Each line in the material below must be transcribed exactly; no picture belongs in the copy.

Exercise data -
----------------
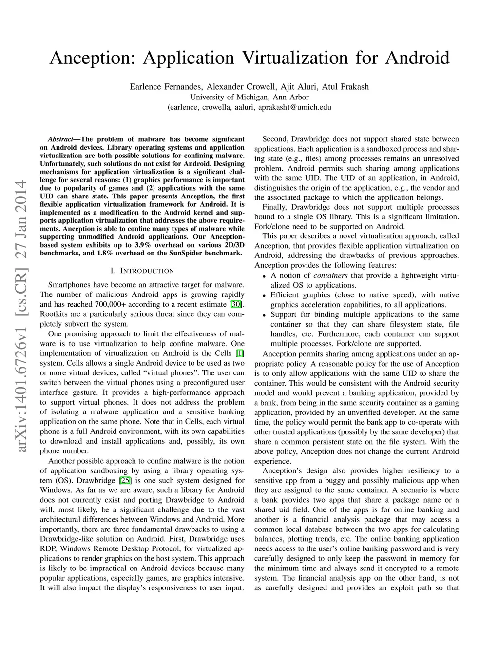 The problem of malware has become significant on Android devices. Library operating systems and application virtualization are both possible solutions for confining malware. Unfortunately, such solutions do not exist for Android. Designing mechanisms for application virtualization is a significant chal- lenge for several reasons: (1) graphics performance is important due to popularity of games and (2) applications with the same UID can share state. This paper presents Anception, the first flexible application virtualization framework for Android. It is imple- mented as a modification to the Android kernel and supports application virtualization that addresses the above requirements. Anception is able to confine many types of malware while supporting unmodified Android applications. Our Anception- based system exhibits up to 3.9% overhead on various 2D/3D benchmarks, and 1.8% overhead on the SunSpider benchmark.
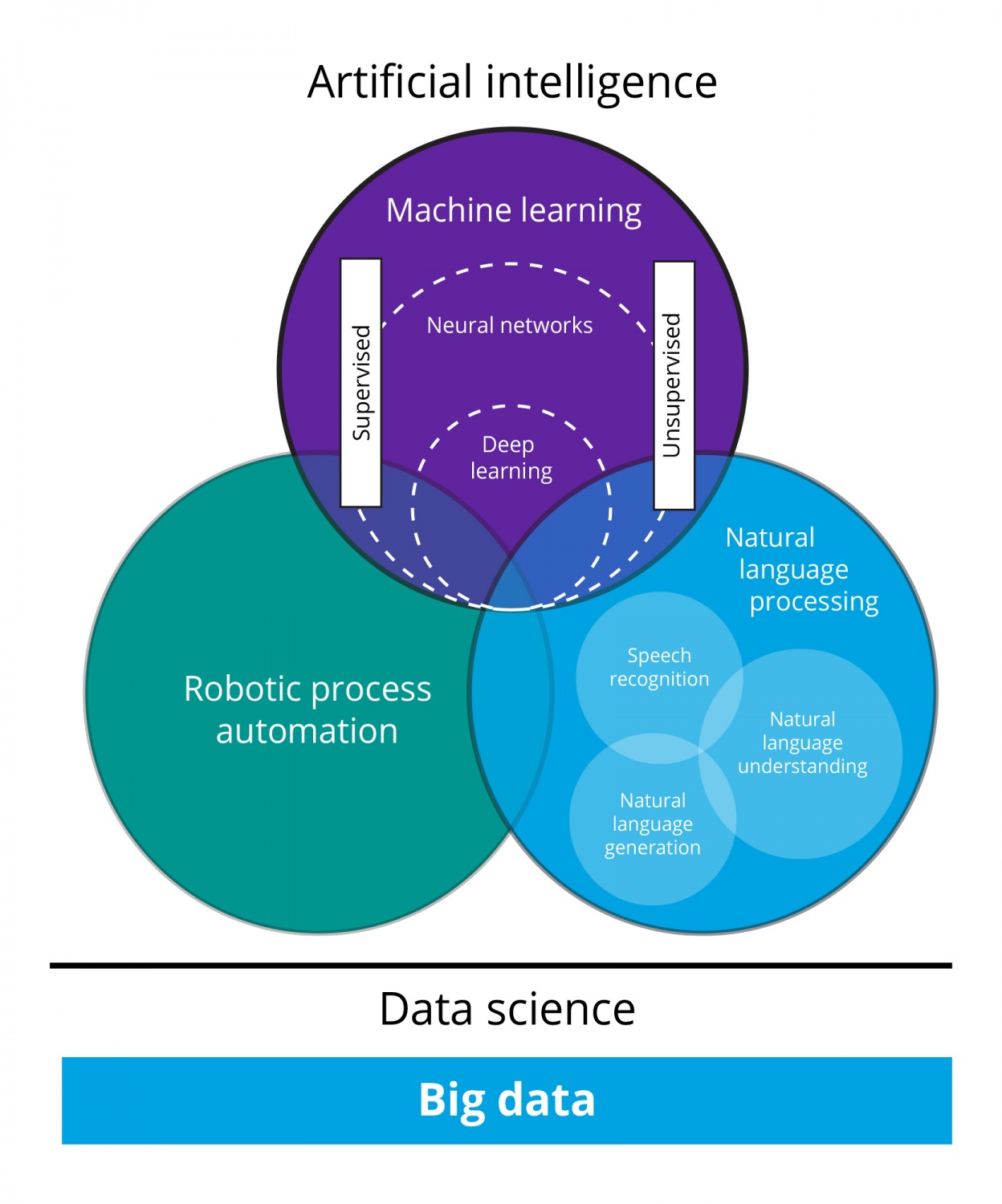 As AI’s core capability, machine learning (ML) drove the recent advances in artificial intelligence. ML enables the training of AI algorithms using large data sets, ideally, without human intervention. And as such, it relies heavily on the availability of big data, improving natural language processing (NLP) and robotic process automation (RPA).
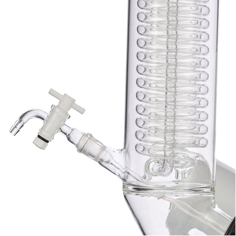 2. the condenser adopted two kinds of optional structure , one is double line convection principle, the other one is a single line with interlayer water, ice, and dry ice container. Used in organic solvent evaporation. And the vertical condenser saves space.
----------------
Task response -
 The problem of malware has become significant on Android devices. Library operating systems and application virtualization are both possible solutions for confining malware. Unfortunately, such solutions do not exist for Android. Designing mechanisms for application virtualization is a significant chal- lenge for several reasons: (1) graphics performance is important due to popularity of games and (2) applications with the same UID can share state. This paper presents Anception, the first flexible application virtualization framework for Android. It is imple- mented as a modification to the Android kernel and supports application virtualization that addresses the above requirements. Anception is able to confine many types of malware while supporting unmodified Android applications. Our Anception- based system exhibits up to 3.9% overhead on various 2D/3D benchmarks, and 1.8% overhead on the SunSpider benchmark.
 As AI’s core capability, machine learning (ML) drove the recent advances in artificial intelligence. ML enables the training of AI algorithms using large data sets, ideally, without human intervention. And as such, it relies heavily on the availability of big data, improving natural language processing (NLP) and robotic process automation (RPA).
 2. the condenser adopted two kinds of optional structure , one is double line convection principle, the other one is a single line with interlayer water, ice, and dry ice container. Used in organic solvent evaporation. And the vertical condenser saves space.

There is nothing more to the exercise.